Deux murs en briques. Quatre femmes et un brun ténébreux. Pour son deuxième spectacle, la compagnie du Scopitone nous propose un policier féminin prenant place dans l’ambiance animée d’une cohabitation. Rehaussé de quelques moments musicaux, ce Requiem pour un crime, sorte d’Agatha Christie aux accents de Chat noir, lance de bonnes idées sans les exploiter totalement.

Tout se passait pour le mieux entre ces dames. Sensible et spirituelle, Birgit (Marie-Astrid Legrand) égaie son entourage par sa cuisine raffinée, la tenniswoman Amalia (Céline Chappuis) en pince pour cette dernière, la jeune Géraldine (Maria Abecasis) poursuit son combat inlassable pour la défense des animaux et la gardienne de l’immeuble Monique (Gaëlle Swann) fait en sorte que tout ce beau monde cohabite harmonieusement. Un équilibre que vient briser Michal (Laurent Bonnet), 42 ans, personnage sans foi ni toit. Séduisant et intrigant, l’homme débarque au moment où la propriétaire de l’immeuble décède subitement. Coïncidence ? Certainement pas. L’intrigue est entrecoupée de chansons composées par Julien Van Aerschot qui tient également la partie de piano durant le spectacle.

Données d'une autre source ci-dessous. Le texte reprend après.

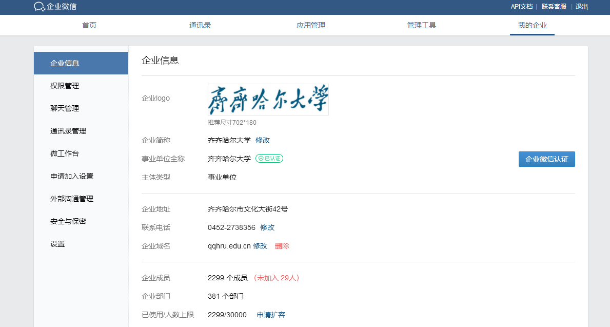 完成企业微信平台的搭建。从2月11日开始,网络信息中心开始搭建“万象城AWC官方网站企业微信”平台,由于企业微信以学校的基本组织结构为基础单位,每名教师都要在组织结构中落实到科室、系部等,因此,落实任务人员多、工作量很大,网络信息中心设置了孙涌泉、祝文生、孙家良、李玲玲等4名系统管理员,学校各单位设置1名管理员对本单位人员进行邀请、加入、分类、管理,同时在线开展使用答疑、操作培训、技术问题处理。在所有同志的配合下,用了三天时间,将2299名教职工加入企业微信平台,为下一步智慧校园建设和信息化应用工作奠定了基础。制作企业微信视频会议教程文档加入微云盘共享,为各单位使用企业微信召开远程视频会议提供方便。
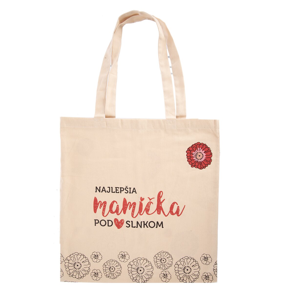 Kód produktu 731428Bavlnená nákupná taška s rozmermi 39×40 cm, s kvetinovým motívom a nápisom NAJLEPŠIA MAMIČKA POD SLNKOM.
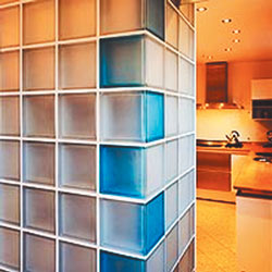 Благодаря возможностям, открывающимся перед дизайнерами с появлением все более новых технологий, стеклоблок становится одним из самых поразительных материалов для творцов интерьера. Для того чтобы регулировать количество света, которое просачивается сквозь стекло «кирпича», делать изображение расположенных за ним предметов или четким, или, при желании, расплывчатым и еле уловимым, производители придают поверхности материала разные свойства. Рифленая перегородка обладает легким рассеивающим эффектом, поэтому делает помещение загадочным и романтичным. Такими блоками следует воспользоваться при отделке ванной комнаты или спальни. Бесцветные фактурные блоки называют весьма поэтично, например «Волна», «Двойная волна», «Капля». Абсолютно ровная прозрачная поверхность, возможно, у кого-то вызовет ассоциации с аквариумом. Но стены из стекла как нельзя лучше подойдут для внутреннего обыгрывания пространства небольших по площади помещений. Матовая поверхность пропускает только половину светового потока, поэтому создает эффект защищенности, например, одной из наружных стен дома. Такое ощущение усилится, если поверхность выбранного материала будет матовой с обеих сторон. Сквозь блоки, изготовленные из цветного стекла, проходит до 75 % солнечного потока, при этом лучи окрашивают стены в любые выбранные заказчиком тона. В таком помещении и у хозяев, и у гостей хорошее настроение сохранится даже в самое невеселое время года. Стену между гостиной и кухней можно выложить из полностью прозрачных стеклоблоков, а в интерьер детской органично впишется мозаичный набор из красных, зеленых и желтых кирпичиков. Скругленные формы волнообразной перегородки, зонирующей пространство студии — разделяющей его на спальню и столовую, придадут помещению одновременно воздушность и защищенность. Барный уголок или зона для чайной церемонии будут выглядеть уединенными и интимными под защитой стенки из матовых блоков, которые станут и пропускать свет, и скрывать происходящее от случайного взгляда. И цветные, и матовые, и рифленые образцы способны менять свои внешние свойства в зависимости от дневного или электрического света, это к тому же не позволит хозяину дома заскучать в стеклянных стенах. Смело экспериментируя с данным материалом, современные производители постепенно отодвигают на второй план его основную функцию — пропускать свет и подчеркивают другую — декорировать, украшать, удивлять и радовать глаз. Из новых, инкрустированных различными способами стеклоблоков можно составлять панно с пейзажами, натюрмортами, абстрактными картинами. С помощью стеклянных квадратиков удается создать имитацию камня, а также других модных материалов. Мелкие голубые шарики — рисунок, изображающий пузырьки воздуха или капли воды на поверхности, — это отличное решение для отделки ванной комнаты или бассейна, сауны. Эксклюзивные стеклоблоки со вставками картинок злаков, цветов, морской гальки, глубоководных рыб и животных, фруктов и птиц могут стать прекрасным дополнением необычного интерьера вашего дома, оформленного опытным дизайнером. Еще совсем недавно в жилых домах и квартирах стеклоблоки-витражи применяли достаточно редко. Из-за сложной технологии изготовления их стоимость была высока, ведь каждый образец такого материала уникален и 
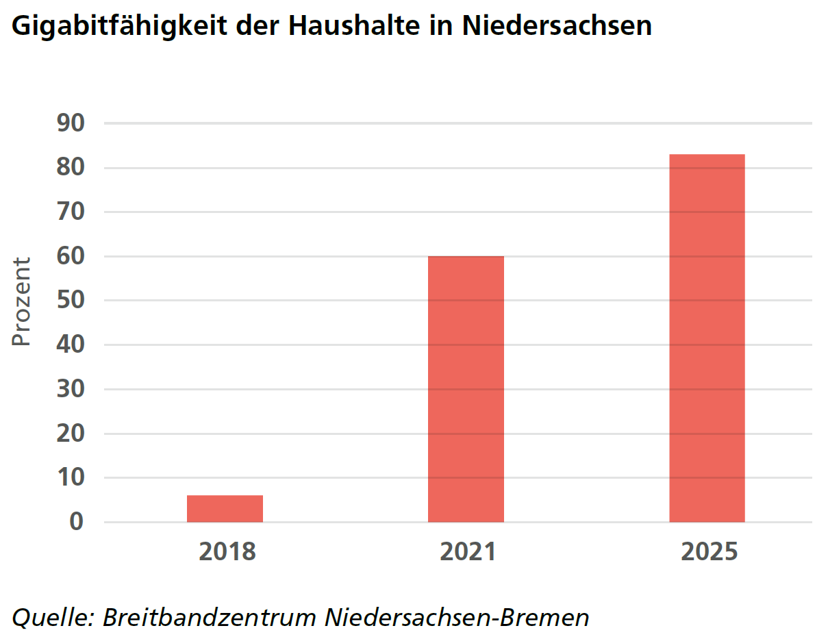 Damit liegt Niedersachsen bei der Versorgung auf Platz zwei unter den Flächenländern und nur noch zwei Prozentpunkte hinter dem Spitzenreiterland Schleswig-Holstein. Mit den bereits heute geplanten und im Bau befindlichen Ausbauprojekten wird sich die Zahl auf fast 80 Prozent erhöhen. Bei der Gigabitfähigkeit der Internetanschlüsse liegt Niedersachsen aktuell bereits bei 83 Prozent. 2018 lag dieser Wert erst bei sechs Prozent!
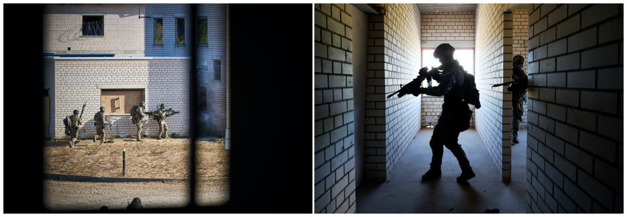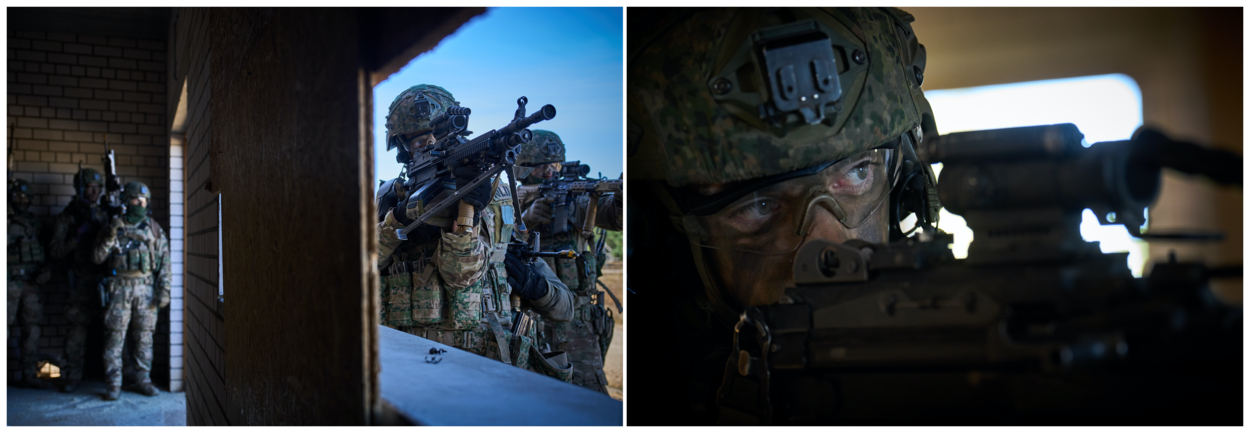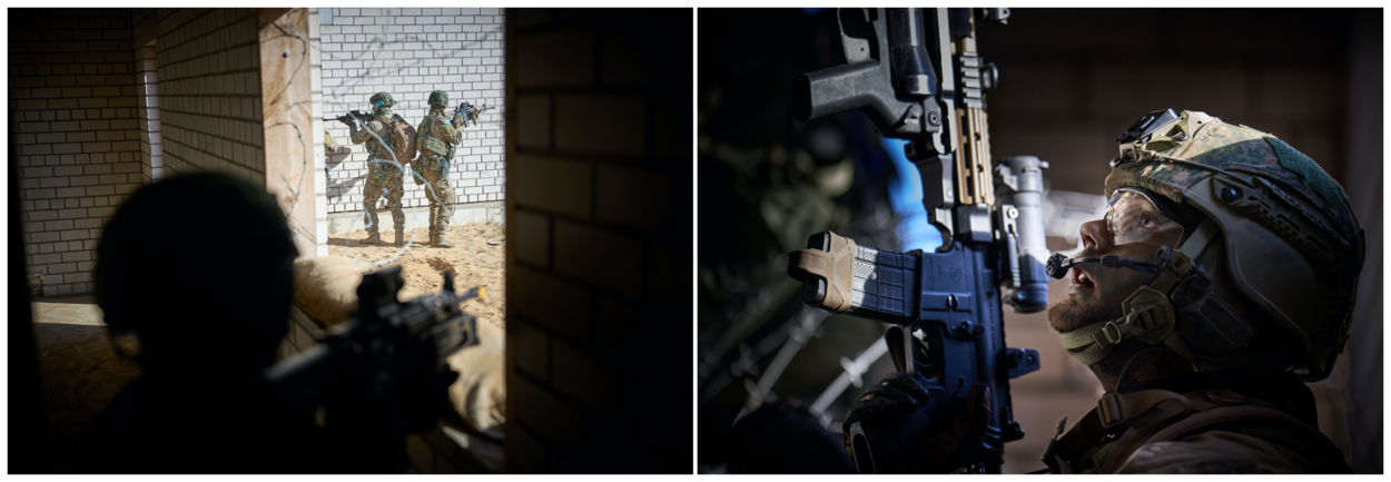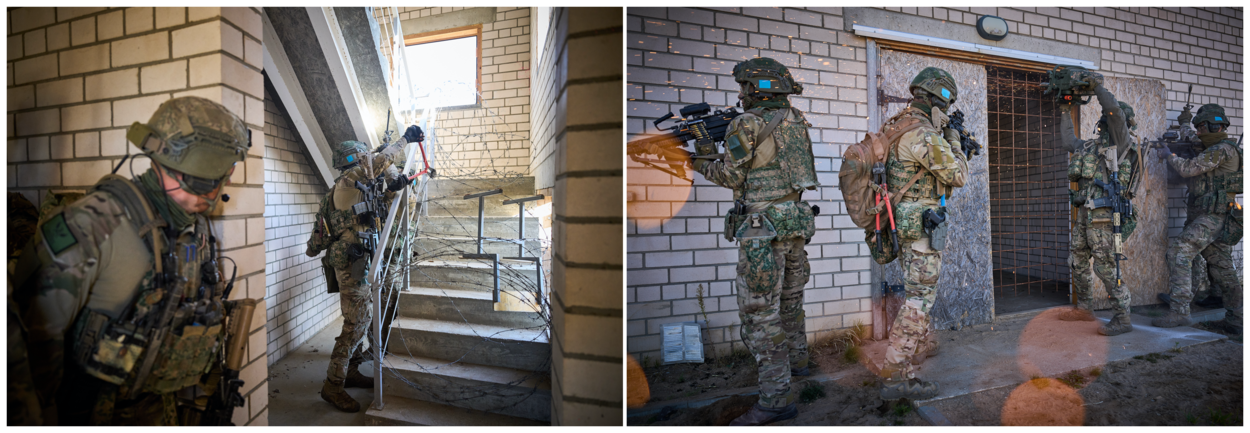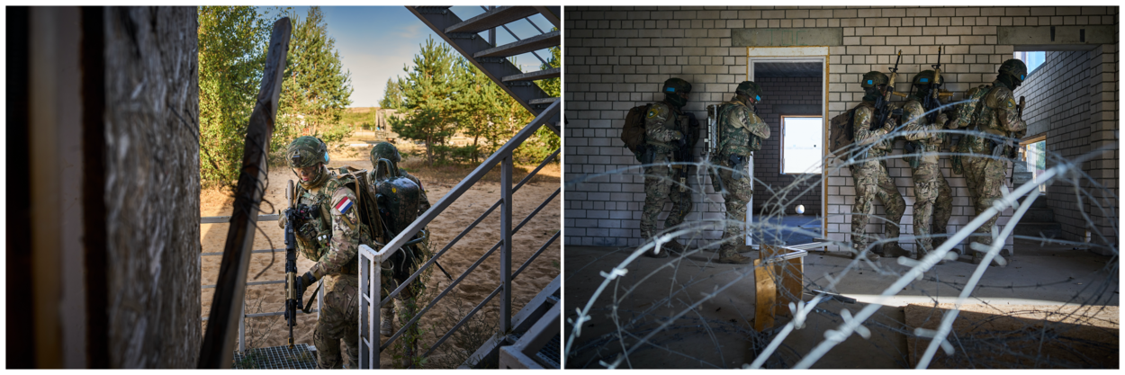Er is haast geboden, want er zijn 2 MIA’s: missing in action. De vijand houdt ze vast in een van de gebouwen van oefendorp Klein Vilnius. Aan dertig pantsergenisten de taak het target uit te schakelen en de vermisten te bevrijden. “Volle bak”, glimlacht opvolgend pelotonscommandant sergeant-1 Erik terwijl zijn kerels het gebouw binnendringen. “Wij zijn er om de mobiliteit in het gevecht te verzekeren. Hoe we hier trainen is verre van organiek. Normaliter zijn er een of twee pantsergenisten aangeklikt bij de infanterie bij het Optreden in Verstedelijkt Gebied (OVG). Nu focussen we op het losse pelotonsoptreden en hoe we optreden in het gevechtsveld.”

On appréciera très volontiers le jeu des comédiens. Mentionnons tout spécialement Marie-Astrid Legrand pour son personnage bien construit et Gaëlle Swann, dont le jeu énergique se double d’une voix puissante taillée pour le cabaret. Les musiques sont efficaces, les mélodies savamment tournées et les quelques polyphonies finales agrémentent somptueusement le tout. Les ingrédients sont de qualité, la recette semble alléchante mais la sauce ne prend qu’à moitié.

L’histoire en elle-même peine franchement à décoller. Si l’on appréciera l’humour bon enfant des scènes, la narration se perd quelquefois. Plusieurs trames semblent se dessiner dans les premiers instants mais la plupart restent en suspens pour être totalement oubliées. De même, l’idée singulière de laisser aux spectateurs le choix de l’issue finale a de quoi séduire. Il est cependant regrettable que le procédé n’ait pas été davantage exploité, la décision du public n’influant que très faiblement sur le déroulement de la narration. Comme nous aurions aimé pouvoir intervenir réellement dans la vie de cet immeuble, construire une histoire, un crime... Du coup, la fin semble quelque peu expédiée et l’on reste sur sa faim.

S’il faut saluer les chansons fort bien tournées et un jeu d’acteur efficace, il manque cependant à tout ceci du relief, de la consistance et de l’audace. On rit volontiers des travers de ces drôles de dames et l’on se laisse volontiers prendre par le rythme des chansons. Mais l’absence d’un enjeu véritable et la faiblesse de la trame narrative confèrent un goût, certes plaisant, mais sans grande saveur à l’ensemble. Chouette mais sans plus dira-t-on.